London

What London can learn about supervised injection sites from Moss Park

As Londoners prepare for the city's first supervised injection site, there is expertise close at hand in Toronto where a pop-up site has been operational for the past four months.

An organizer at the Toronto site says 120 fatal overdoses have been prevented in four and a half months

Toronto opened an overdose prevention site in Moss Park in August 2017 (Provided: Leigh Chapman)

As Londoners prepare for the city's first supervised injection site, there is expertise close at hand in Toronto.

A pop-up site in that city is now more than four months old, running out of Moss Park, a venue in the city's east end often frequented by drug users.

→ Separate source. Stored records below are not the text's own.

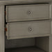 - Traditional design includes tapered legs, molded crown edged table top, panel framed drawer fronts and bronze round decorative pulls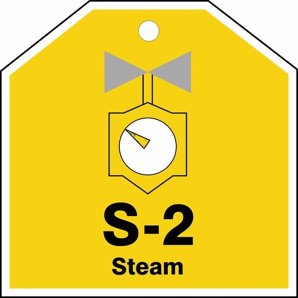 Energy Source ID Tag, Material Plastic, Legend S-2 Steam, Height 2-1/2 In., Width 2-1/2 In., Withstand Pull Force 50 lb, Hole Size 3/16 In., Header No Header, Legend Color Black, Background Color Yellow, Legend Style Symbol and Text, Write on Surface No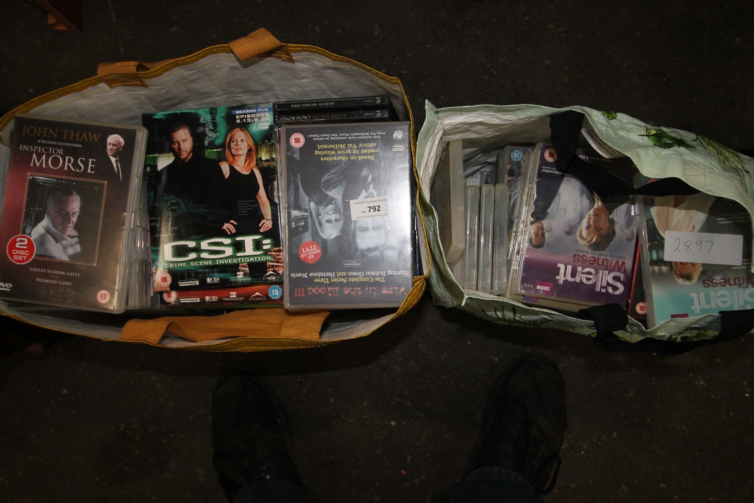 Two bags for life containing an inordinate amount of DVDs inc. Star Wars The Force Awakens, Inspector Morse boxed sets, Silent Witness boxed sets, Death in Paradise, Wire in the Blood, CSI and other boxed sets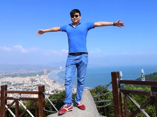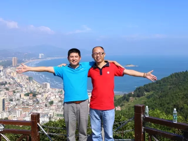 第二天,大家便坐車到觀景臺附近,步行登頂。站在觀景臺,可以看見雙月灣全景,左右兩個半月,據說一個是風平浪靜,一個是波濤洶涌,挺奇特的風景,遠處青山連綿,近處是寬闊的海灣,風景盡收眼底。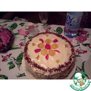 Изюмом, предварительно промытым и чуть распаренным, посыпайте уже смазанный кремом слой торта и накрывайте вторым пластом. И так далее.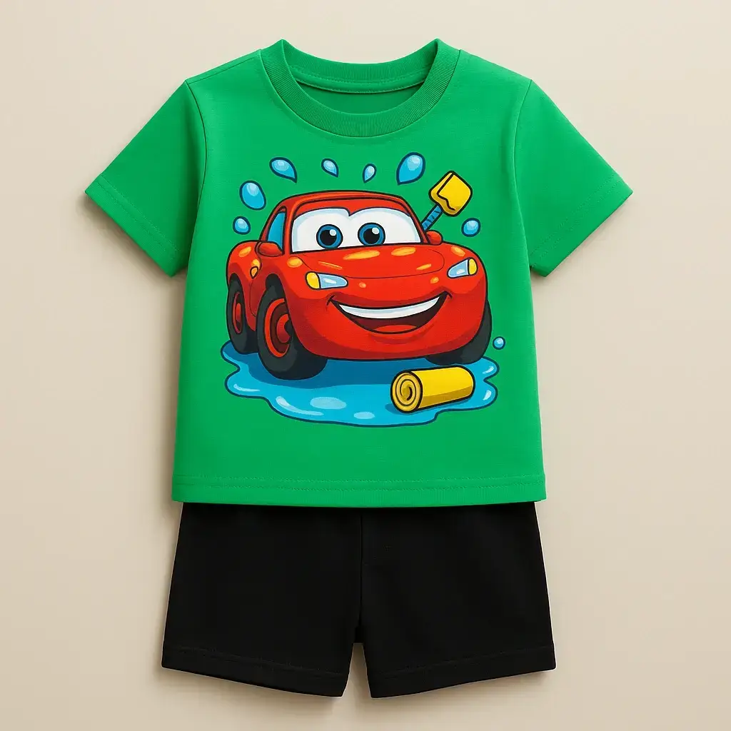 Parents love the Boys Green Cartoon Car Summer Set because it combines affordability, durability, and trendy design. The set remains soft and fresh after repeated washes, making it a practical investment for kids’ wardrobes.

"People are literally dropping before our eyes," says volunteer nurse Leigh Chapman, one of the site organizers. "We're there to witness it and intervene immediately to prevent a fatal outome." 

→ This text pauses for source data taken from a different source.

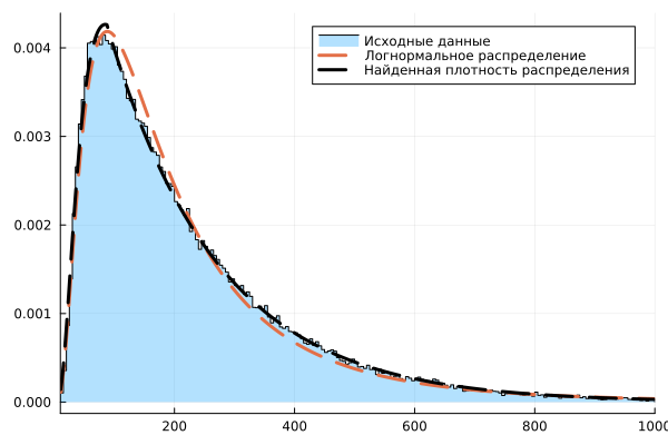 plot!( [c1; c2], [lognormDist(c1, af1.param); expDist(c2, af2.param)], lw=3, lc=:black, ls=:dash, label="Найденная плотность распределения" )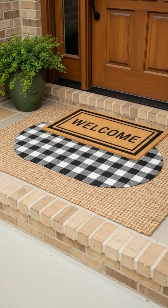 Layering a patterned rug under a simple doormat adds texture and depth to your stoop. It’s a small detail that makes a big visual impact.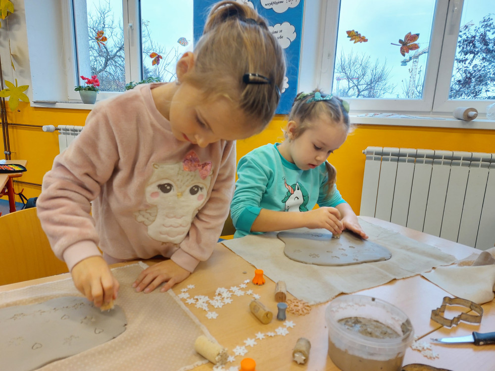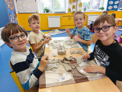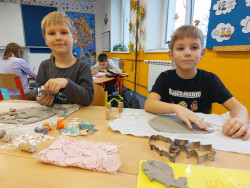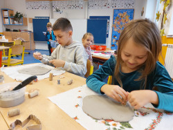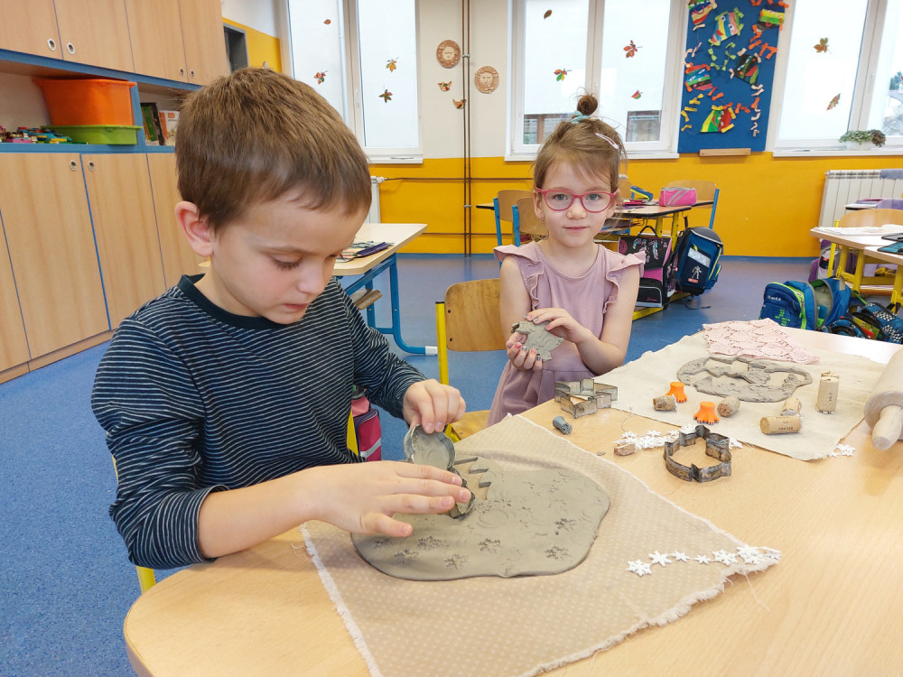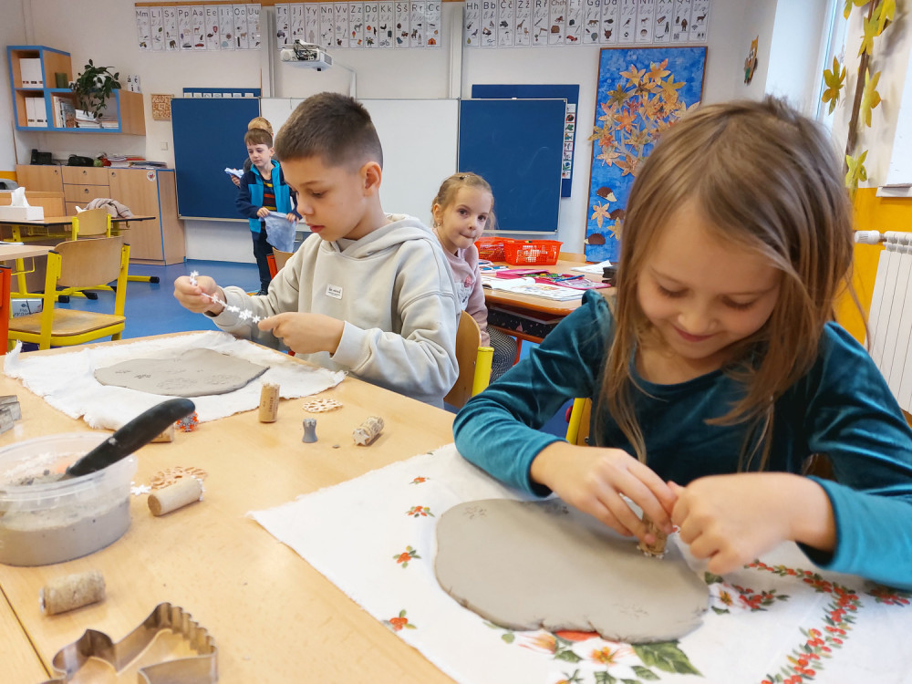 První zkušenosti s keramickou hlínou máme už z mateřské školy, proto jsme se s nadšením vrhli do vyrábění kapříků a andílků, které bychom rádi nabídli na vánočním jarmarku. A tak jsme váleli, otiskovali krajku a keramická razítka, vykrajovali a dotvářeli rytím a dolepováním. Hodně nás to bavilo a už se těšíme, jak vyrobíme svým blízkým dárky pod stromeček.

London announced Tuesday it was opening an overdose prevention site, a temporary measure until a federal drug exemption is granted. The location is not yet public but the Middlesex-London Health Unit says it will open in the coming weeks. 

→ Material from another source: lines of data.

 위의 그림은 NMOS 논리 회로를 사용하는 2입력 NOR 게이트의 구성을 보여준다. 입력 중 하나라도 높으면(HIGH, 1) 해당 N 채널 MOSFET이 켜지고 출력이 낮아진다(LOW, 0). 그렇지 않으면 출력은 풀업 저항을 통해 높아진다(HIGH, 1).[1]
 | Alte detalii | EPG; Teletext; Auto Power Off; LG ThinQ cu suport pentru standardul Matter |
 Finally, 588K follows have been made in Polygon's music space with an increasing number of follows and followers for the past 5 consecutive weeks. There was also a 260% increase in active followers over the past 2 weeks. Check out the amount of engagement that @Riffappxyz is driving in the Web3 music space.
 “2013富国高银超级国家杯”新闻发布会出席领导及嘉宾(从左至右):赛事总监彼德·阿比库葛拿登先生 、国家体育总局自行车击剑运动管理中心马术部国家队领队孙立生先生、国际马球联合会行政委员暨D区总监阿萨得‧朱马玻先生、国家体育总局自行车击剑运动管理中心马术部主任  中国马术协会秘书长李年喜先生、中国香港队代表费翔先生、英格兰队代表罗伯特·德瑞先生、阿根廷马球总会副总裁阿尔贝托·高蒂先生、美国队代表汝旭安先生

At the Toronto site, it takes more than 150 volunteers to run operations, along with seven coordinators who manage everything from scheduling to media requests.

The volunteers are either health care workers, or people who's lives have been touched by injection drug use, some having lost a loved one to overdose.

Twenty to 50 people line up every day to inject drugs in a venue they know is safe and supervised. While help is there for those who want to seek treatment, others may simply want the safety and support, Chapman explained.

"When they come into our space it's clean, it's sterile, they can take their time. The connection that we're making with folks over the last four and half months has been really amazing and beautiful to see."

The trailer, which now also provides much-needed warmth, offers free access to the overdose antidote naloxone, clean syringes and perhaps equally valuable, according to Leigh, companionship.

"Knowing that there are people who care about their well-being, who ask if they've eaten or slept in five days, that's all part of keeping people alive as well."

Chapman has heard the concerns from communities worried about safe injection sites in their backyards. Her message is simple.

"It really is about saving lives and I don't know who can argue with that, because at the end of the day people using drugs deserve to live. We have prevented 120 fatal overdoses in four and a half months, so that's 120 Torontonians who would otherwise be dead."